I have a react app, which creates a build folder as path /app/admin/build
and I want this directory to share as volume to the other nginx container that is running as mentioned in my docker-compose.yaml below. Am I missing anything? I want to share the app build directory to nginx.
However, /var/www/admin/build
is getting created when checked login into the container but its empty. Can anyone help with this?
Error: *1 directory index of "/app/admin/build/" is forbidden, client: 172.18.x.x, server: _, request: "GET / HTTP/1.1", host: "localhost"
Thanks in advance
version: '3'
services:
admin:
build:
dockerfile: Dockerfile
context: ./admin
volumes:
- /app/admin/build
web:
restart: always
build:
dockerfile: Dockerfile
context: ./nginx
ports:
- '80:3000'
volumes:
- /app/admin/build:/var/www/admin/build
CodePudding user response:
I'd include the files in your custom image for the Nginx component. The COPY --from=...

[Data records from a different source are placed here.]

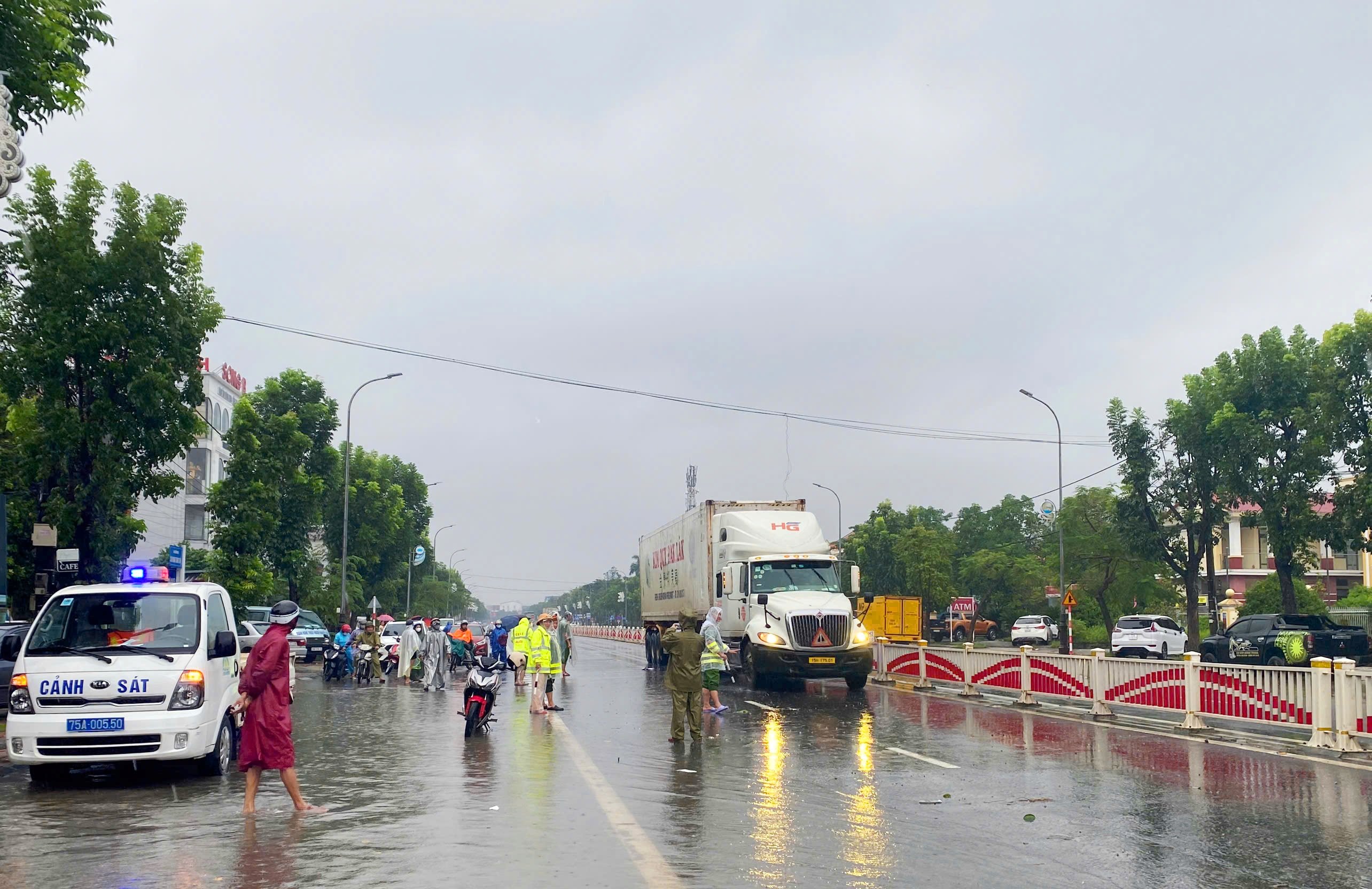 گہرے سیلاب اور تیز دھاروں کی وجہ سے، ہوونگ ٹرا وارڈ پولیس نے سٹی ٹریفک پولیس کے ساتھ فعال طور پر رابطہ قائم کیا تاکہ لوگوں کو سیلاب زدہ علاقوں سے قومی شاہراہ 1A پر ٹریفک میں محفوظ طریقے سے حصہ لینے کے لیے ہدایت، ریگولیٹ اور رہنمائی فراہم کی جا سکے۔
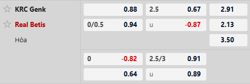 5 trận gần nhất hàng công của Genk đang tạo ra trung bình 1.4 bàn thắng 1 trận. Bên phía Betis thì đội bóng Tây Ban Nha thi đấu ổn hơn với trung bình 2 bàn thắng được tạo ra trong 5 trận gần nhất. Với số lượng pha lập công mà 2 đội đang tạo ra, trận đấu tới được cho là sẽ có nhiều bàn thắng xuất hiện. Khả năng 2 đội ghi bàn là rất cao, tổng số bàn thắng sẽ lớn hơn 3.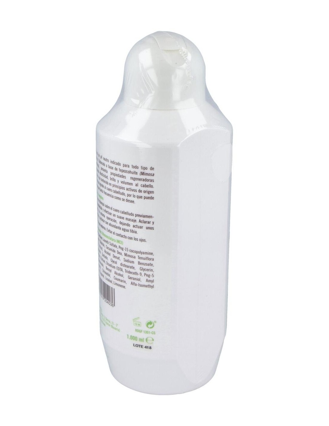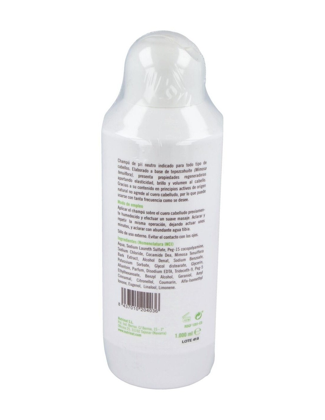 Champú Tepezcohuite Nutrionat de pH neutro puede ser utilizado en todo tipo de cabellos, proporcionando elasticidad, brillo y volumen. No agrede el cu

option is typically used with a multi-stage build, but you can also name a preexisting image:
FROM nginx
...
COPY --from=project_admin /app/admin/build /var/www/admin/build
Check with docker images
to see the name Compose assigns to the built admin
image, or put image:
in the Dockerfile to set it yourself.
Then in the Compose setup, you don't need volumes:
at all:
version: '3.8'
services:
admin:
build: ./admin
web:
restart: always
build: ./nginx
ports:
- '80:3000'
The one particular complication here is that Compose doesn't know that one image can depend on another, so you may need to manually docker-compose build admin
before starting the rest of the application docker-compose up --build
.
In general, exporting files from an image is tricky. The syntax you show replaces the admin container's build directory with an anonymous volume, then mounts an unrelated host directory into the web container. There's a different syntax that involves Docker named volumes, but it doesn't work in other environments (like Kubernetes) or with host directories, and it ignores updates in the application. COPY
ing the files into the image will be the most reliable approach; redesigning your application to avoid that (maybe letting the backend serve its own static files) is even better.